1 large pumpkin or several mini pie-pumpkins
a few toasted pumpkin seeds (optional)
ground nutmeg, ginger, cinnamon, allspice OR pumpkin pie spice
canned skim evaporated milk OR use skim milk
1 Tablespoon of no calorie butter spray (fridge variety) or 1 Teaspoon butter
salt (optional)
Hull out the pumpkin(s) and set aside the seeds. Some people are pretty nifty in drying these out and roasting them. These are quite tasty.
Carefully carve out a few chunks of the pumpkin. If you are using the mini pumpkins, this may not be easy, so just use a small can of pumpkin.
Next, wash out the pumpkin thoroughly. If you have a microwave, stick it in for about 30 seconds to help wipe out bacteria.
Next, dry the inside of your pumpkin with a clean paper towel.
Place the chunks of pumpkin in water - just enough to cover the pumpkin.
Cook until fork-tender. Remove; drain and mash with a potato smasher.
Add the spices to your personal taste. Stir in the butter and milk and salt if desired.
One note about the spices: if you don't like nutmeg, then omit. If you don't like ginger, then omit.
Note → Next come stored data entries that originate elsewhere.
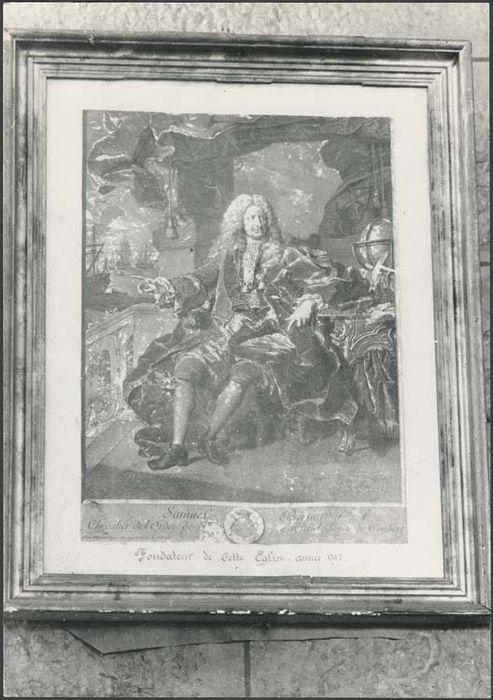 La gravure représente Samuel Bernard, banquier du roi, d'après un portrait célèbre. Mais la mention "Fondateur de l'église année 1748" correspond plus probablement à son fils, président au Parlement de Paris et Seigneur de Coubert et de Guignes.
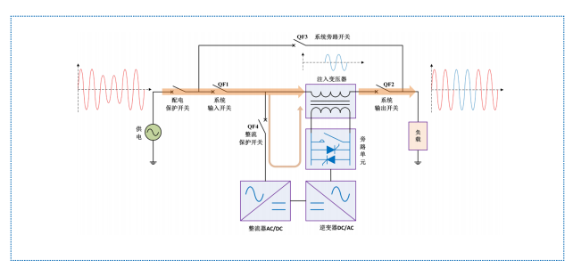 HTAVC 時刻監(jiān)測輸入側(cè)電源電壓,一旦發(fā)生電壓暫降或暫升,控制單元控制逆變器向串聯(lián)的注入變壓器注入適當?shù)难a償電壓,快速將負載端電壓調(diào)節(jié)到額定值,從而減少來自電網(wǎng)輸入端的電壓暫降、暫升等對負載的影響。
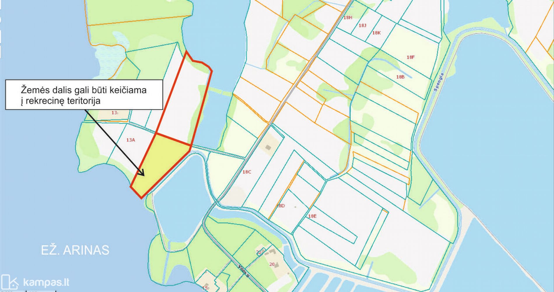 Sklypas patenka į dvi funkcines zonas: žemesnė dalis gali būti keičiama į rekreacinę teritoriją. Atlikus kadastrinius matavimus, sklypą galima padalinti į du, kuriuos skiria viešasis kelias.
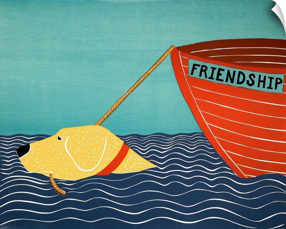 <p>Illustration of a yellow lab swimming the the ocean pulling a red boat called "Friendship" behind him.</p>
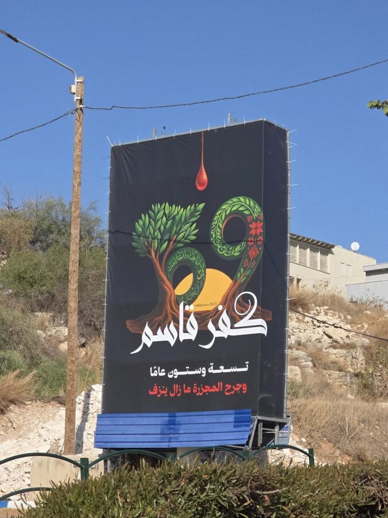 وارتدى المشاركون قمصانًا سوداء كُتب عليها: “الذكرى الـ69 لمجزرة كفر قاسم – تسعة وستون عامًا وجرح المجزرة ما زال ينزف”، كما رُفعت خلال المسيرة لافتات تحمل شعارات من بينها: “لا نسيان.. ولا غفران”.
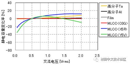 圖3:各種電容器的靜電容量變化率-交流電壓特性(示例)
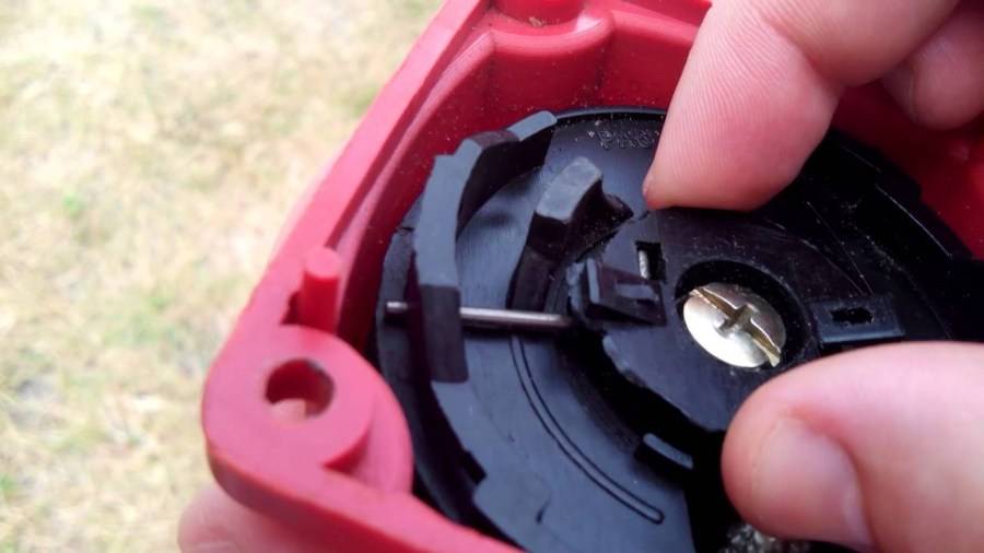 Чтобы заменить леску в триммере, снимите крышку головки. Для этого прижмите пальцами защелки фиксаторов, находящихся с обеих сторон крышки, и потяните крышку вверх. Откроется доступ к катушке. После этого вытащите ее, потянув вверх по оси, на которой катушка сидит. Если концы лески торчат из отверстий головки, то приподнимите катушку по оси и вытяните из отверстий головки остатки лески внутрь. Теперь деталь ничего не держит и ее легко снять и убрать оставшуюся рабочую нить.

In other words, season your soup to your personal taste.
If you use canned pumpkin, simply add all the ingredients and continue with the next step.
Return the soup to the stove and cook until warm. Carefully spoon into your pumpkin shell(s).
Sprinkle with a few pumpkin seeds that have the hulls removed. Or, sprinkle with a bit of cinnamon. This soup is quite delicious warm or cold.